General who helped redraw the borders of Israel says road map to peace is a lie 
The man who commanded Gaza and the West Bank from the last day of the Six Day 
War talks to Donald Macintyre in Tel Aviv 
The Independent
Published: 10 June 2007 
Immediately after the Six Day War, 40 years ago, Shlomo Gazit was put in charge 
of Gaza and the West Bank. Today, the retired general is in favour of talks 
with Hamas, describes the road map as a "pretext" for Israel not to negotiate 
with the Palestinians, and thinks the idea that the US can or should veto a 
peace process between Jerusalem and Damascus is a "nonsense". 

At first sight Mr Gazit could be a classic military hawk. A tough, 
unsentimental man with 37 years in the Israeli Defence Forces behind him, he 
has never been slow in condemning Palestinian attacks on Israeli civilians.
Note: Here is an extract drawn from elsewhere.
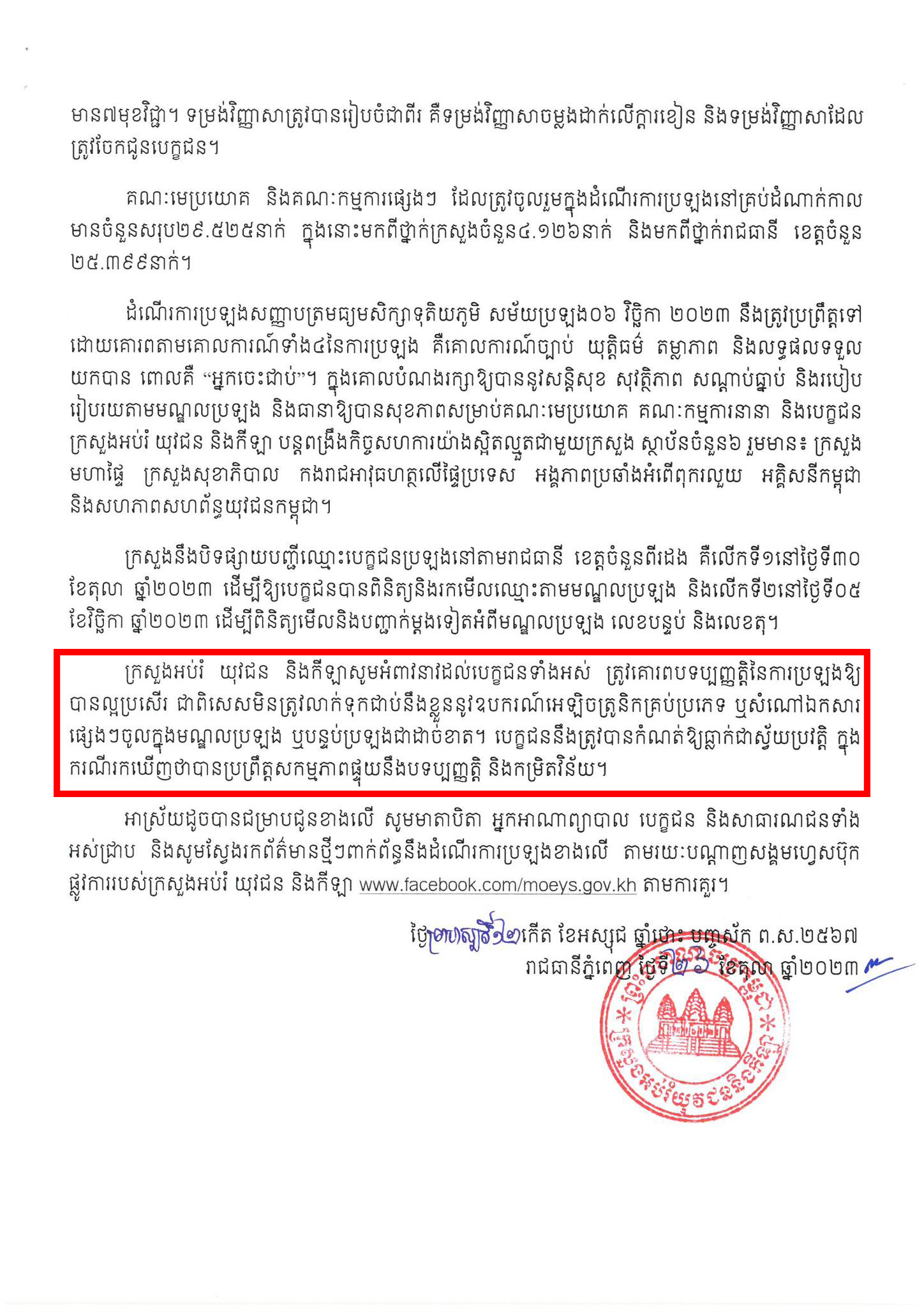 ក្រសួងអប់រំ យុវជន និងកីឡា សូមអំពាវនាវដល់បេក្ខជនទាំងអស់ ត្រូវគោរពបទប្បញ្ញត្តិនៃការប្រឡងឱ្យ បានល្អប្រសើរ ជាពិសេសមិនត្រូវលាក់ទុកជាប់នឹងខ្លួននូវឧបករណ៍អេឡិចត្រូនិកគ្រប់ប្រភេទ ឬសំណៅឯកសារ ផ្សេងៗចូលក្នុងមណ្ឌលប្រឡង ឬបន្ទប់ប្រឡងជាដាច់ខាត។ បេក្ខជននឹងត្រូវបានកំណត់ឱ្យធ្លាក់ជាស្វ័យប្រវត្តិ ក្នុង ករណីរកឃើញថាបានប្រព្រឹត្តសកម្មភាពផ្ទុយនឹងបទប្បញ្ញត្តិ និងកម្រិតវិន័យ។

Yet 
he enjoys the unique distinction of having, from the heart of the Israeli 
military, proposed in writing a Palestinian state exactly 40 years ago 
yesterday - 24 hours before the war had even ended.

And he has never been more convinced than now that such a state, its negotiated 
borders based on those that preceded the war, and involving withdrawal from 
most of the West Bank Jewish settlements, remains the only answer to the 
conflict.

Mr Gazit, who in June 1967 was head of the assessment department in military 
intelligence, says he remembers little of the day-to-day progress of the war. 
The reason is that on 5 June 1967 he strolled over to a jubilant air force 
command to be given reports of the spectacularly successful assault on Egyptian 
airfields - which arguably won the war on its first day.

He also learned, however, that his 23-year-old nephew, Dan Engel, was one of 
the few Israeli pilots reported missing. "I spent the rest of the week in a 
kind of trance," he says.

His grief did not stop him producing a remarkably clear-sighted - and, for the 
times, heretical - memorandum on 9 June that proposed "the establishment of an 
independent Palestinian state [without military forces] in the West Bank and 
the Gaza Strip". The Old City, holy to three great religions, and taken over by 
triumphant Israeli forces only 48 hours earlier, should "become an 'open city' 
with an independent status resembling the Vatican".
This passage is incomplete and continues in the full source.